On the longer-term horizon, he says his team’s 10-year approach includes slightly more volatility in emerging markets versus developed markets from a performance standpoint, but also potentially higher returns. So while he wouldn’t recommend 50% of a portfolio to be held in EM stocks, he says they are a good diversifier that can potentially boost performance.

“I think as an investor you want to be a little measured and dynamic when weighted toward emerging markets,” he said. “If there’s a period like now where there’s probably some headwinds, you want to be a little less exposed to EM, and as things look better, you want to expose that to emerging markets.”

While high passive risk makes a lot of sense for developed countries where markets are efficient, Greenberg says that disparities between regions and countries within emerging markets can affect the ability to make calls at the country, region or even stock level. makes it more important. He further said that independent research and having a ground boot that can run on the factory floor and meet management face-to-face is key to uncovering investment opportunities in emerging markets.

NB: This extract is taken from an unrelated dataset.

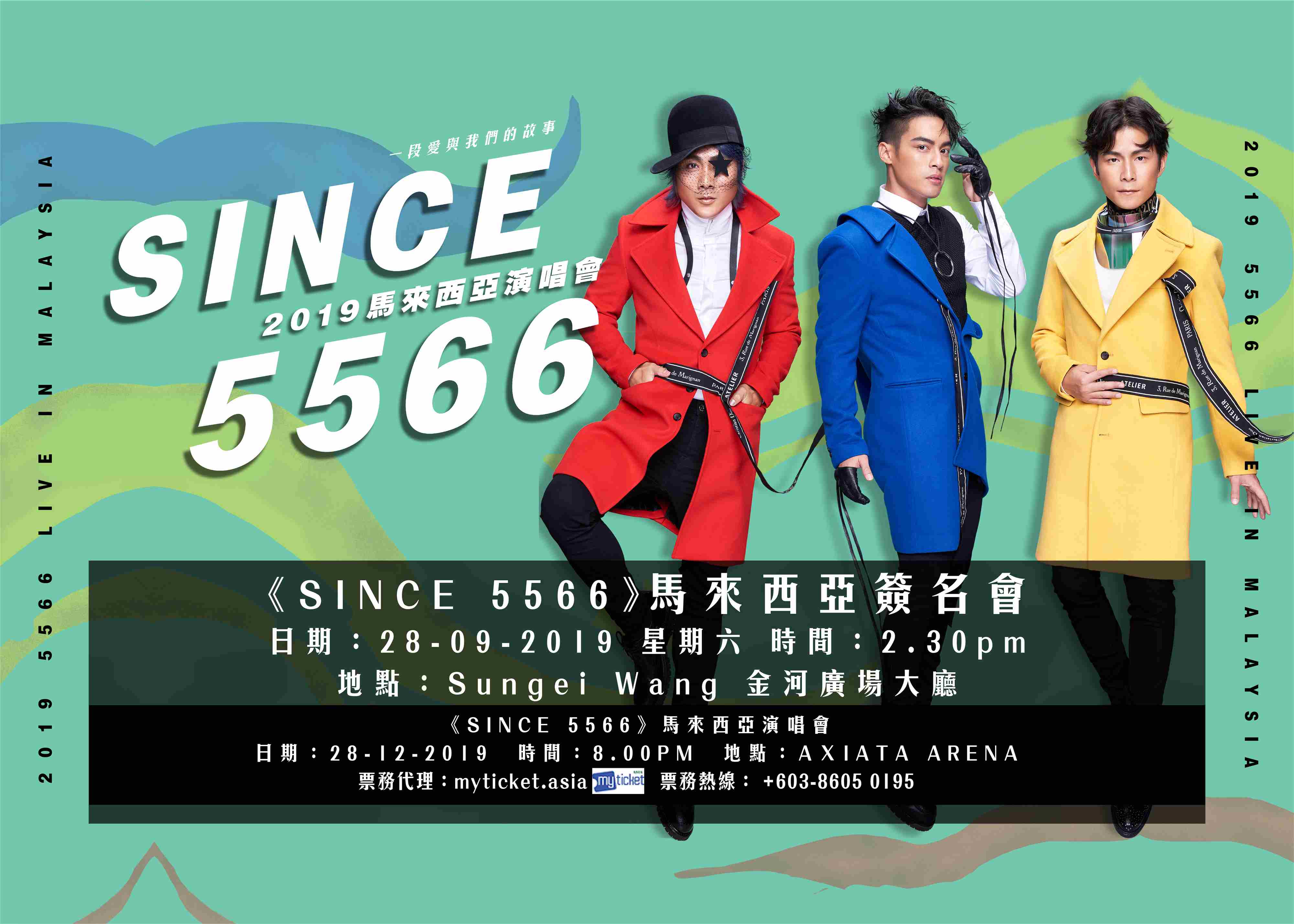 亚洲天团5566【SINCE 5566】马来西亚演唱会由AC MUSIC ENTERTAINMENT举办,而这场演唱会也是2019年末最受瞩目的压轴演唱会。想购票的粉丝朋友可到myticket.asia官网购买。

Given the current volatility in the markets, he says the risk of underweight in emerging markets as a whole may make sense in the short term, although he says the allocation should not be zero in the medium to long term. Structural risk diversification and return growth for emerging markets makes sense from the perspective. Some of these countries have a growing consumer class, better demographics than some developed markets, and a material improvement in the quality and independence of their institutions.